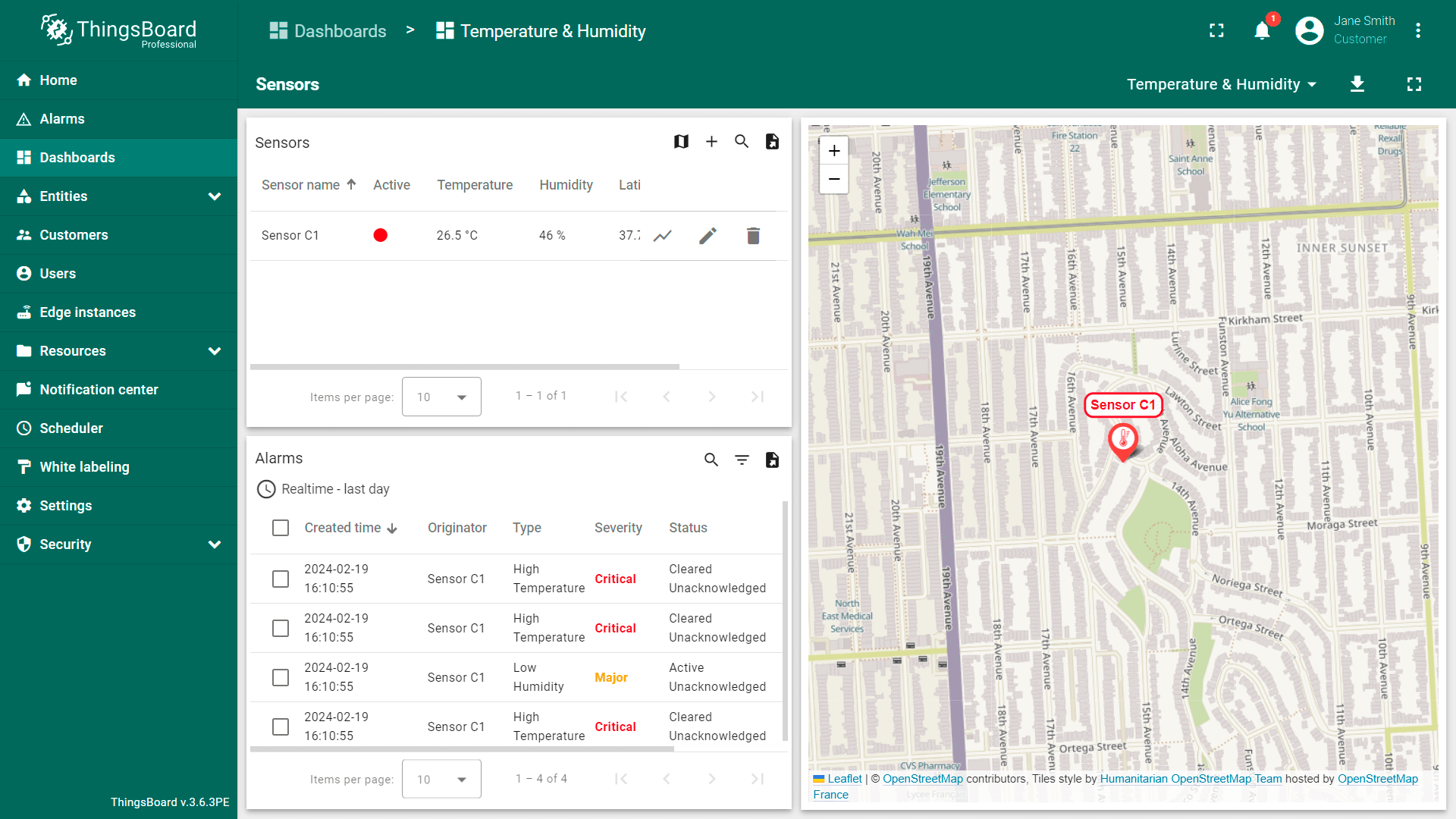 - alarmOriginatorName - the name of the alarm originator, e.g. ‘Sensor T1’;
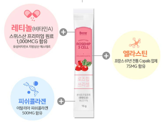 로즈힙과 엘라스틴은 한팩에 로즈힙 퓨레 99.625%와 프랑스산 엘라스틴 75mg을 함유하고 있다.
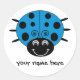 A cute blue cartoon ladybug on a round sticker. Customisable so you can add your name!
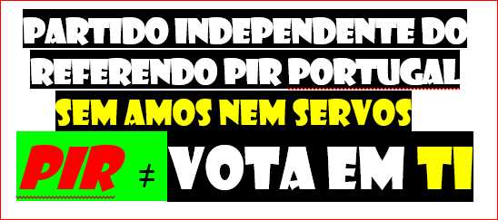 PORTUGAL PIR PARTIDO INDEPENDENTE DO REFERENDO ÚNICO QUE SATISFAZ TODOS OS REQUISITOS DEMOCRÁTICOS E LEGAIS EXIGIDOS NA CRP A LEI DAS LEIS A QUE TODAS AS OUTRAS SE SUBMETEM SOB PENA DE VIOLAÇÃO QUE DÁ PRISÃO TRANSFORMA COMUNISTA FASCISTA NAZISTA DEMOCRACISTA GLOBALISTA
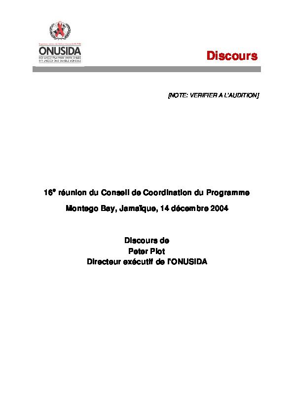 Discours du Directeur exécutif à la 15ème réunion du Conseil de Coordination du Programme, Genève, 23 juin 2004
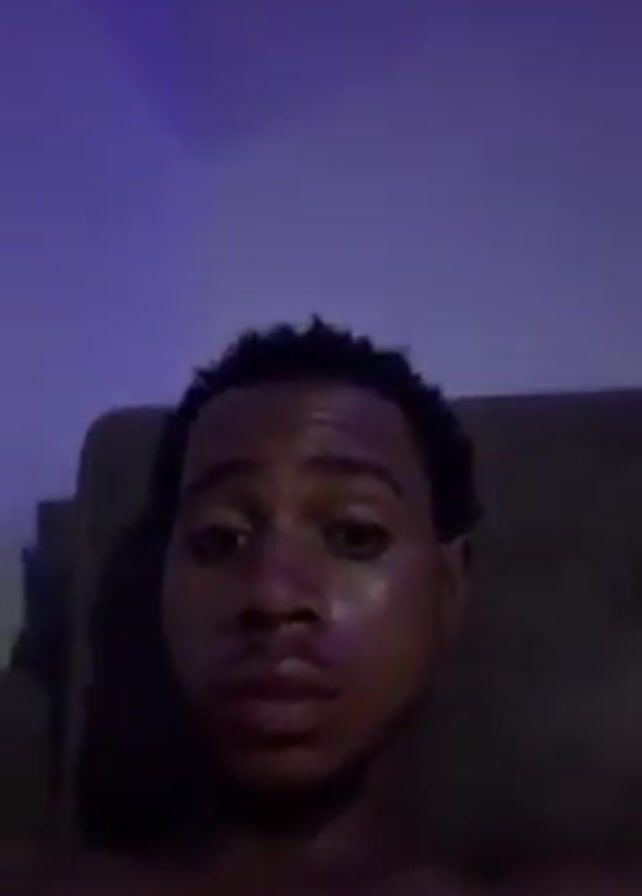 close-up of a young Black man's face. He is lying down, possibly on a couch, as the back of the furniture is slightly visible. The room is dimly lit with a blue-ish light. His hair is short and appears slightly damp. He looks directly at the camera with a somewhat serious expression. The video is a close shot focusing entirely on his face and upper chest area.
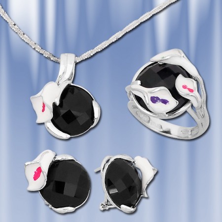 AUDITOR - Изготовлено для Auditor GmbH Гарнитур, из серебра 925 пробы с синтетическим ониксом, состоит из кольца, серёг и подвески. Украшения прекрасно подчеркнут нежность, очарование и естественность Вашей красоты. Покупая данный набор Вы получаете в подарок цепочку SKE1840 длиной 50 см.
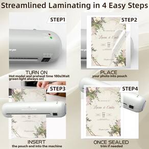 - 3 minutos de aquecimento para economizar seu tempo: sabemos que seu tempo é precioso, seja você um professor ocupado preparando materiais de sala de aula ou um pai laminando fotos de família queridas. É por isso que este laminador se aquece em apenas 3 minutos! Sem esperas longas nem momentos perdidos: realize suas tarefas com mais rapidez para que você possa se concentrar no que realmente importa.
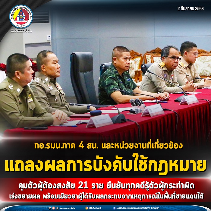 ISOC Region 4 Front Command and Relevant Agencies Announce Results of Law Enforcement Operations – 21 Suspects Detained, All Perpetrators Identified, Ongoing Investigation and Assistance for Affected Persons in the Southern Border Provinces
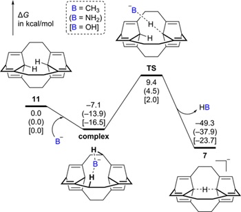 图4. 由烃类前体11转化为碳负离子7的势能面。
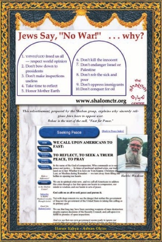 This advertisement, prepared by the Shalom group, explains why sincerely reli- gious Jews have to oppose war. Below is the text of the call, "Fast for Peace." Rabbi Waskow Harun Yahya - Adnan Oktar
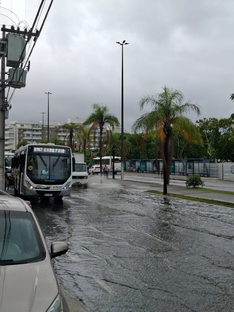 Avenida Júlia Kubitschek e bairros da cidade registraram ruas alagadas após avanço de frente fria no estado do Rio de Janeiro.
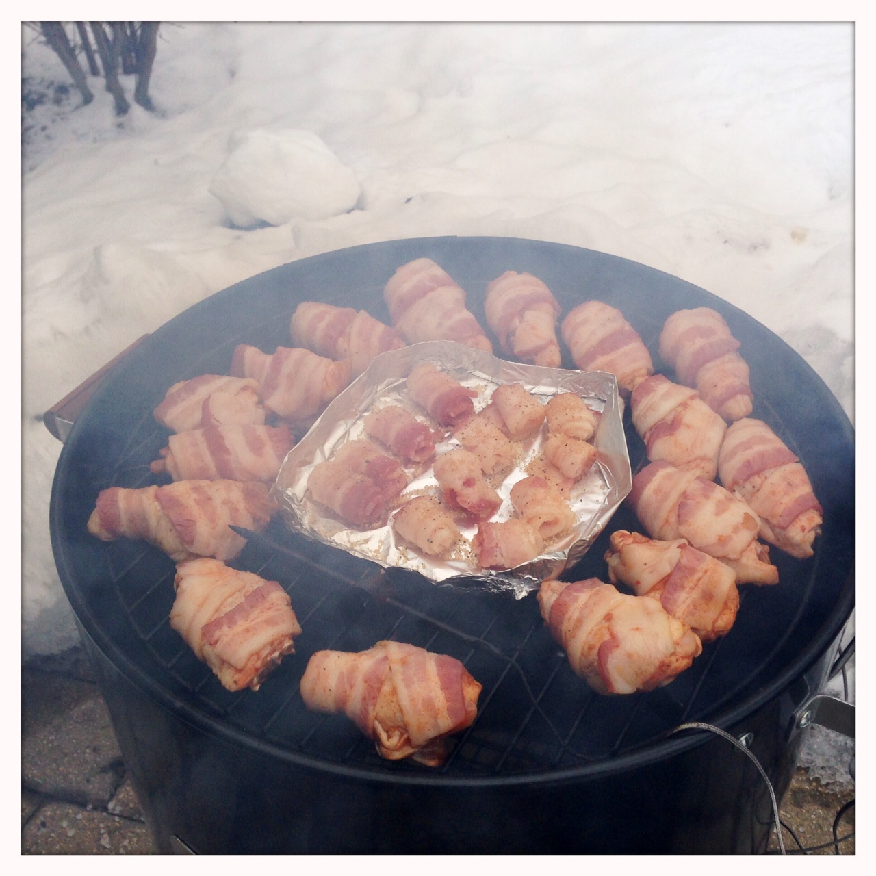 I covered the smoker and let everything cook (without peeking!) at 275 for about 75-90 minutes. When I pulled everything off, the bacon pieces wrapped around the wings were crisp, but not charred.
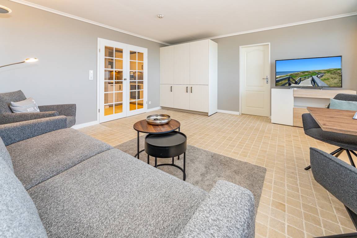 Das Wohnzimmer mit Austritt zur Loggia hat eine 2-Sitzer-Couch mit Schlaffunktion (1,60 x 2,00 m), einen Sessel, einen Essplatz, Kabel-Flachbild-TV, CD-Player, Radio.
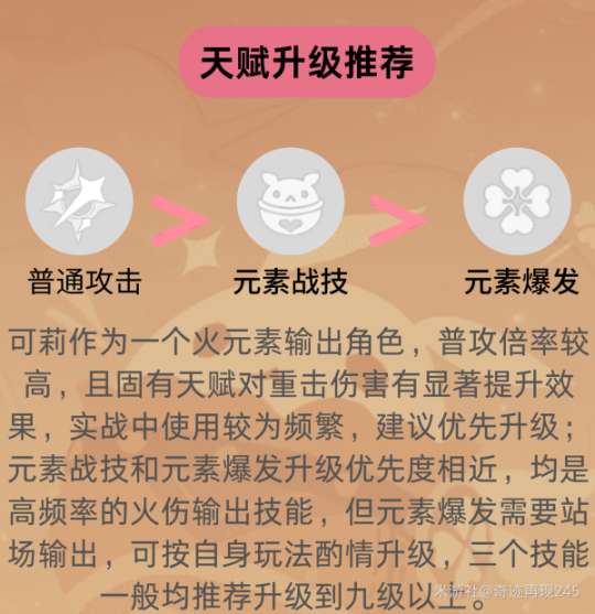 ③天赋方面,如果三个战斗技能都升级到九级,普通攻击就可以获得智识之冕。可莉的普通攻击存在后摇,但可以通过普攻后跳跃或者重击来规避。同样,元素战技的后摇也可以通过跳跃或者冲刺来规避,前提是有足够的条件。
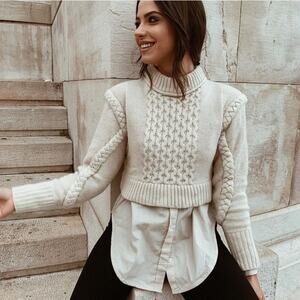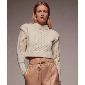 ZARA Wool Blend Cropped Sweater Mock Neck Cable Knit, Bloggers fav
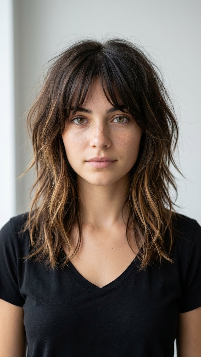 Combining the popular curtain bang with a shag cut creates a face-framing powerhouse. The bangs flow directly into the layers of the shag, creating a continuous line of movement. This style opens up the face and looks fantastic on medium to long hair. It gives a 70s retro vibe that is very on-trend for 2026. The layers remove bulk, making thick hair manageable.

WHAT TO PRODUCE: Above are the records; return the lines in them from the one with "Das Wohnzimmer mit" to the one with "ZARA Wool Blend", inclusive, exactly and without images.

EXPECTED ANSWER:
 Das Wohnzimmer mit Austritt zur Loggia hat eine 2-Sitzer-Couch mit Schlaffunktion (1,60 x 2,00 m), einen Sessel, einen Essplatz, Kabel-Flachbild-TV, CD-Player, Radio.
 ③天赋方面,如果三个战斗技能都升级到九级,普通攻击就可以获得智识之冕。可莉的普通攻击存在后摇,但可以通过普攻后跳跃或者重击来规避。同样,元素战技的后摇也可以通过跳跃或者冲刺来规避,前提是有足够的条件。
 ZARA Wool Blend Cropped Sweater Mock Neck Cable Knit, Bloggers fav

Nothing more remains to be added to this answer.